Letter from my Terrace in Palma 20 ´The Life of the City´

 

The Life of the City

                                                                                  28 May, 2018

Good morning,

When I used to drive into Palma to start my day’s work, I would see a man setting out the tables and chairs on the pavement outside his restaurant in a wide and busy street called the Avenidas.  Each day I had to wait at the same red traffic light there. I don’t know why but that light was never green when I reached it. Some traffic lights are like that. Anyway at this red light I always looked over to watch the barman as he worked.  But it was a pleasant wait.  The man swung the chairs into place quickly and efficiently but without hurrying.  Each movement was effective and wasted no energy. He had a day’s work to do and he was pacing himself.  He had a look of calm enthusiasm for the task in hand and for the business of the day ahead. As he set out his chairs, he was much happier than someone who was asleep in bed, snoring through their morning.

Seeing this man, I shared his feeling for the new day. I too felt the privilege of going to work and of being part of the life of the city. My job was to teach English to as many people as I could. That was what I did.  I was a small cog in the wheel of city life but even the smallest of cogs matters.

Much of the horror of being unemployed is having no income at the end of the month. But it is not only that. It is also the loss of that sense of contributing to the buzz and hum of the life around you.

This is also what makes it so hard for some people to accept retirement.  For the retired, every day is the weekend.  This sounds a permanent blessing but permanent blessings are sometimes hard to live with.  When you retire there is no feeling of expectancy when Friday evening arrives.  All days are Friday. Every evening is Friday evening. All too often pensioners are no longer a moving part of city life.  They become its furniture. They are invisible spectators.

They can remedy this of course.  They can be busy in many ways and have the luxury of deciding how to share their time and who to help and when.

On TV here in Mallorca whenever there is a report on the retired, with some statistic about pensions or the health of the elderly, the pictures that go with the report always show a group of four old men playing dominoes in a bar. Why not show some old people doing voluntary work? Many do.  Or show a woman in her seventies collecting her grandchildren from school or taking up oil painting or learning German in evening classes? Why always the dominoes?
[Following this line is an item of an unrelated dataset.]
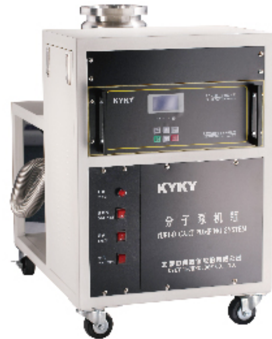
北京中科科仪股份有限公司 KYKY TECHNOLOGY CO., LTD.

I once had a nightmare in which I saw a city in which there was no life on a Monday morning. It was a horrific vision. Not a soul was in the streets. Every shop was shut and every office was closed. There must have been a monstrous coincidence by which every single worker had overslept. Quite simply everyone had forgotten to go to work.  It was frightening to walk along the Avenidas which was void of life.  My barman was not setting out the chairs. Nothing was happening.  No one was having a quick coffee in a bar before rushing off to the office.  There were no friends to greet as you passed them in the street.  ‘I must run. You see, I’m going to the dentist.’ The dentist would be closed anyway.  Banks were closed, insurance offices were closed, petrol stations were closed. Everything was closed and nothing was happening.

How we take for granted the bustle of a Monday morning or the happy rush of Friday evening!  We should appreciate the bar with its door wide open, the newspaper, produced, printed and distributed and there waiting to be read. We should be thankful for the cinema ready and wanting to show us a film.  We are lucky to be part of the rhythm of the city.

So, here’s to the nameless man in the restaurant setting out his chairs!  Here’s to all who move the city forward day by day! Here’s to all pensioners who are not playing dominoes in a bar! Here’s to everyone of whatever age who helps to keep things ticking over normally.   Here’s to you all!

PS   I wrote this in December 2018. I now see that those were the good old days. We were happy and we did not know it. Life was innocent of Covid – 19.  That nightmare I had in 2018 has become a terrible reality now in May, 2020.

Let us hope it will pass. Let’s look forward to a busy future and let´s make good use of it.